AbilityNet Factsheet - September 2023

Ergonomics and Computing

Ergonomics is the study people’s performance and wellbeing in relation to their and working environment. This document provides an introduction to many of the issues you need to consider when setting up a workstation. However, it is not an exhaustive guide and you may need to do some further research using the links provided.

AbilityNet are specialists in using digital technology to help people with disabilities fulfil their potential at work, at home and in education. However, the issues raised here are relevant to any employee with a workstation, and not just disabled people.

It is important that employers understand their legal responsibility to provide ‘reasonable adjustments’ to protect their staff from injury and prevent discrimination. This includes adjustments to the workstation.

Learn how assistive technologies can help you and your workforce become more productive - How to use assistive technology at work, in education and at home.

Last updated: September 2023

1. Why is ergonomics important?

Many different factors affect our health and productivity in the workplace including ergonomics, especially in relation to our workstation -  the place where we do our work.

As much as 90% of the UK’s workforce use a computer as part of their work. This may be at a specified workstation, or given the rise of laptops and mobile working, in hot-desk environments, in cafes, at home, and sometimes even in cars.

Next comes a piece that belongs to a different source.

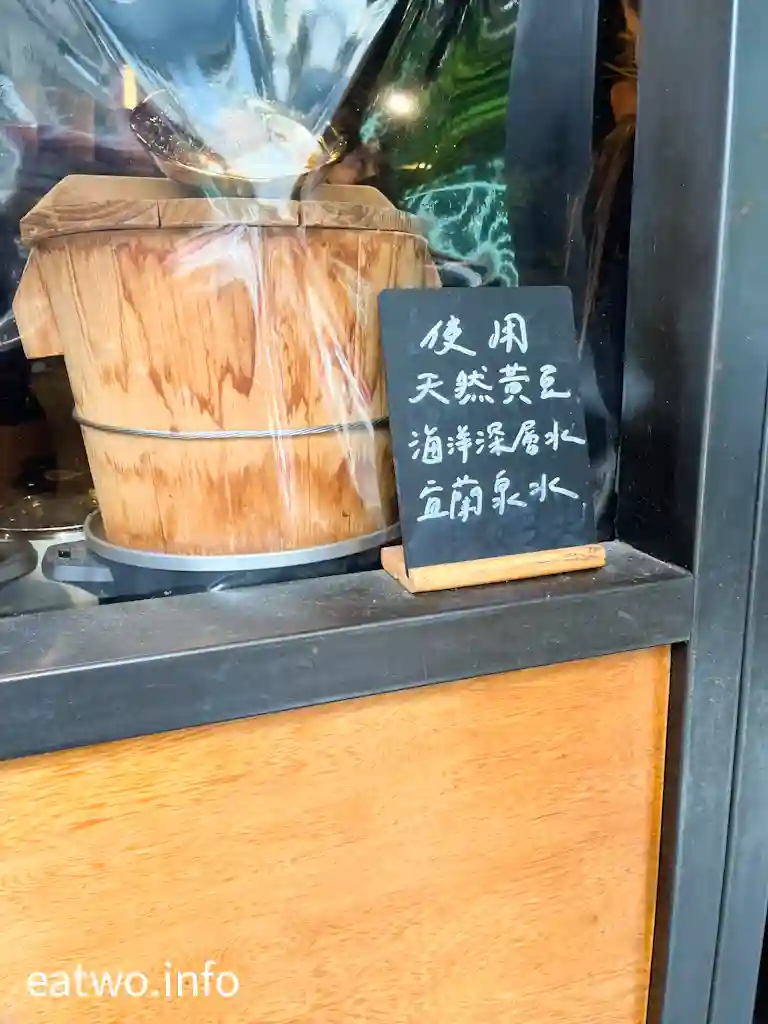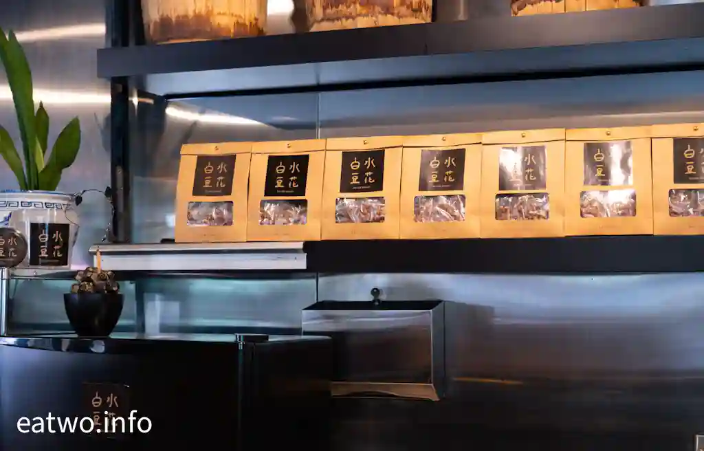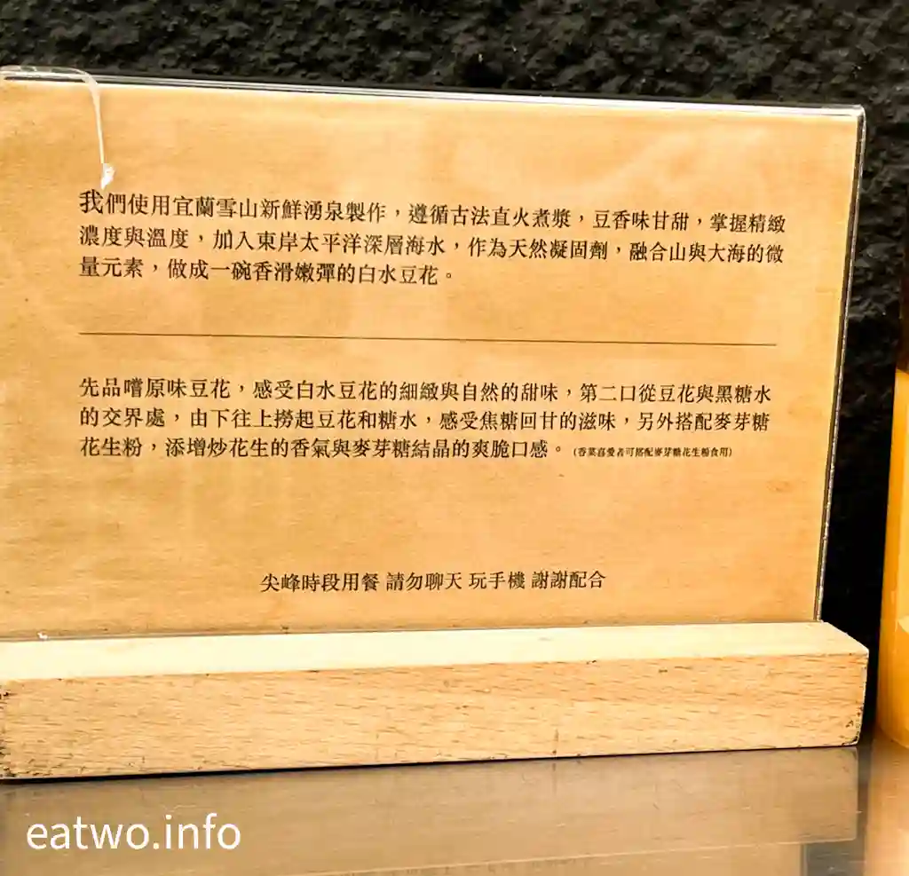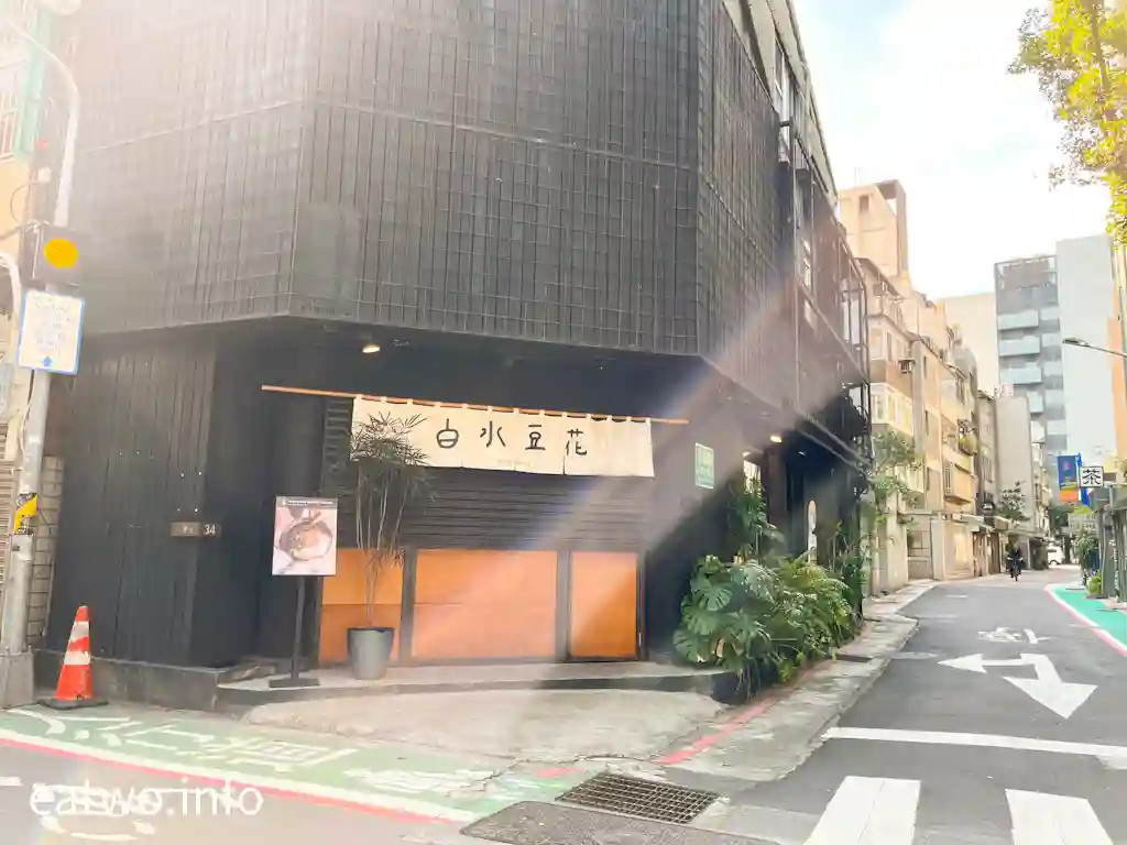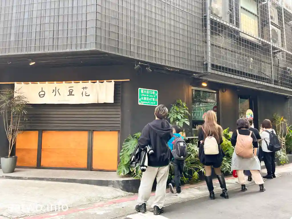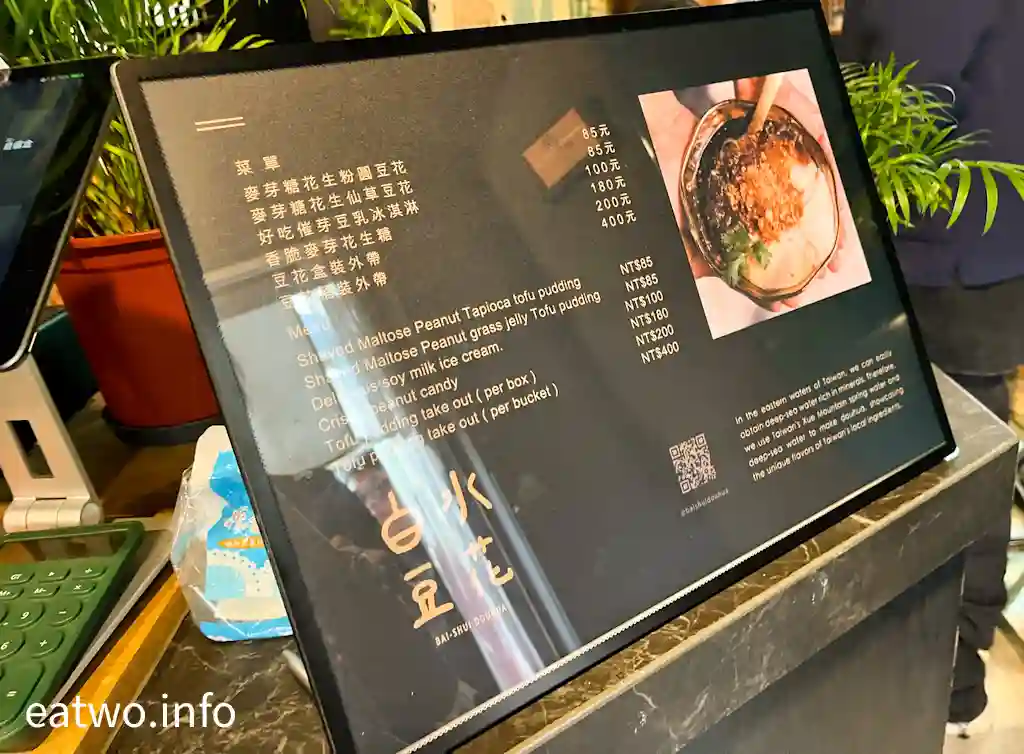 原先來自宜蘭礁溪嘅「白水豆花」,近年於台北永康街都有分店,靠近熱門景點台北101,交通更便捷。大門仍未打開,下晝1點半已經有少數人於門口等候,2點甫開門已陸續魚貫入內。店面寫明白水豆花係使用天然黃豆、海洋深層水、宜蘭泉水,裝潢亦貫徹以木材雕刻出水波形狀,感覺純淨而獨特。

There are three main reasons to consider ergonomics in the workplace

Business case

  • Poor ergonomics contributes to absenteeism, chronic sickness and a higher risk of claims against employers.

Social case

  • Responsible employers should be concerned about the wellbeing of their workforce.

Legal case

  • Employers have a duty of care to their employees, and must provide ‘reasonable adjustments’ to prevent discrimination against people with disabilities.

2. What do you need to do?

Employers must provide reasonable adjustments in the workplace to prevent discrimination, and this includes adjustments to workstations. Appropriate changes can involve changes to the desk, chair, or other office furniture, or through providing equipment, such as an adapted mouse or keyboard. Adjustments can also include changes to your work pattern and the way you work with colleagues.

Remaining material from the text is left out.